Supplied information>
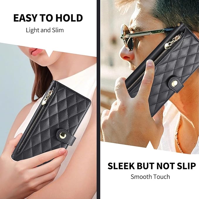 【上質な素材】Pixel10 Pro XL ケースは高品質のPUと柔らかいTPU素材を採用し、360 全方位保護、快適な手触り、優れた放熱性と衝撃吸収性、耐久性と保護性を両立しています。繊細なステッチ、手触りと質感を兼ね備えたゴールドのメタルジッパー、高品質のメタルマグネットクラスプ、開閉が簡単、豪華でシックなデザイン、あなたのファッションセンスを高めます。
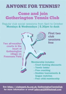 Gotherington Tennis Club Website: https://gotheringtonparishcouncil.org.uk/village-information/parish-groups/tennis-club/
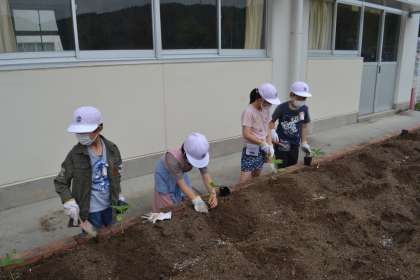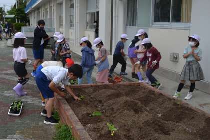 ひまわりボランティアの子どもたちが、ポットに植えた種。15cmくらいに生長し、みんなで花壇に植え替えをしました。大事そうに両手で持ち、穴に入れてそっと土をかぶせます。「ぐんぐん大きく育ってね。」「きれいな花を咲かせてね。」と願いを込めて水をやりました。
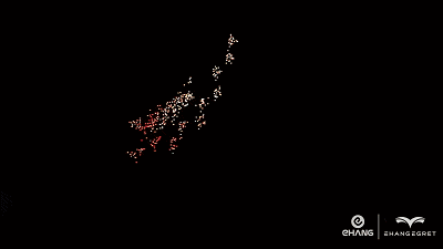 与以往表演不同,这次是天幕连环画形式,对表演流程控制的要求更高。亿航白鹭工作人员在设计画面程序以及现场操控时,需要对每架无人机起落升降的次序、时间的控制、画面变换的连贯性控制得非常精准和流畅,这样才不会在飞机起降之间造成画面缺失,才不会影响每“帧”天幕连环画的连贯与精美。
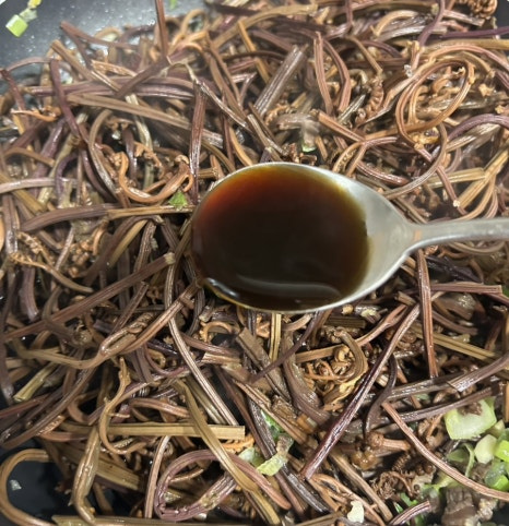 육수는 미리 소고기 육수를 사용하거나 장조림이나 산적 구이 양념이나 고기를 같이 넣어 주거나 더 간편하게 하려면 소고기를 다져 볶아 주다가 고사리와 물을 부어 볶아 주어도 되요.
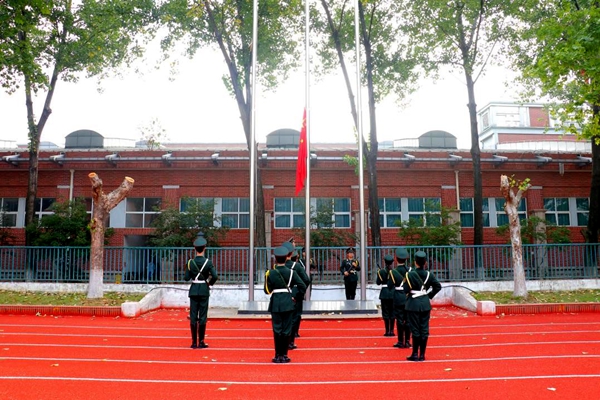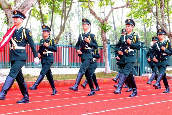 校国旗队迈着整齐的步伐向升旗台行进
* * *
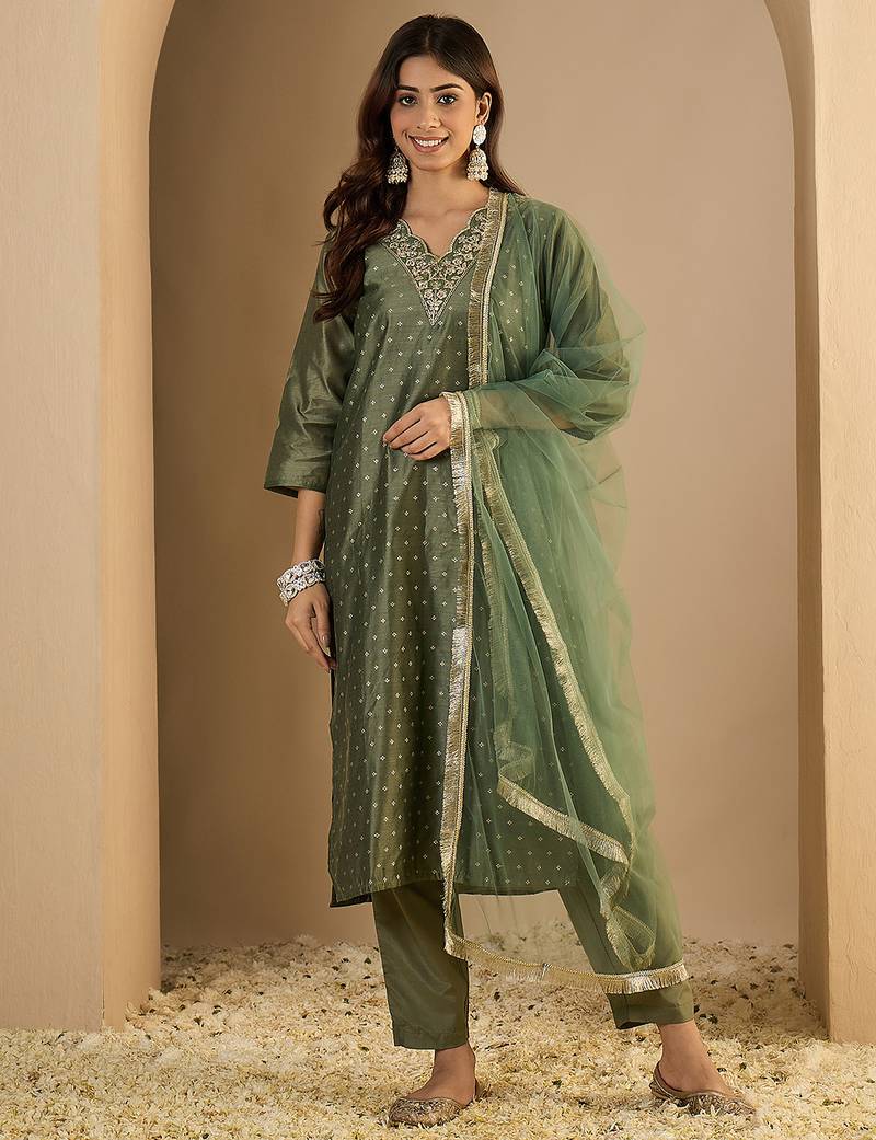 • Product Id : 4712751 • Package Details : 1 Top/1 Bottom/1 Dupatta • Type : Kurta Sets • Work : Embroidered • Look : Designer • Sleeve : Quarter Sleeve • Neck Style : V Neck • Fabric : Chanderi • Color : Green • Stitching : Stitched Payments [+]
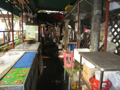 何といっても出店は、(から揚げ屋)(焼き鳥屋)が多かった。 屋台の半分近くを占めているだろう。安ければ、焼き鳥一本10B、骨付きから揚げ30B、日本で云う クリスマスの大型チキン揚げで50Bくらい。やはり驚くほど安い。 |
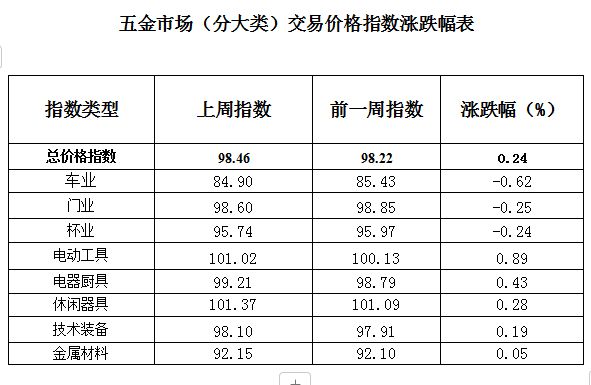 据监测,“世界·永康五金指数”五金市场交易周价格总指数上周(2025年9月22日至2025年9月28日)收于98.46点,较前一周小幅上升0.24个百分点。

About this task> The answer is those lines of the material above that run from the one containing "Pro XL ケースは高品質のPUと柔らかいTPU素材を採用し、360" up to and including the one containing "ひまわりボランティアの子ども", restated exactly and without images.

Response>
 【上質な素材】Pixel10 Pro XL ケースは高品質のPUと柔らかいTPU素材を採用し、360 全方位保護、快適な手触り、優れた放熱性と衝撃吸収性、耐久性と保護性を両立しています。繊細なステッチ、手触りと質感を兼ね備えたゴールドのメタルジッパー、高品質のメタルマグネットクラスプ、開閉が簡単、豪華でシックなデザイン、あなたのファッションセンスを高めます。
 Gotherington Tennis Club Website: https://gotheringtonparishcouncil.org.uk/village-information/parish-groups/tennis-club/
 ひまわりボランティアの子どもたちが、ポットに植えた種。15cmくらいに生長し、みんなで花壇に植え替えをしました。大事そうに両手で持ち、穴に入れてそっと土をかぶせます。「ぐんぐん大きく育ってね。」「きれいな花を咲かせてね。」と願いを込めて水をやりました。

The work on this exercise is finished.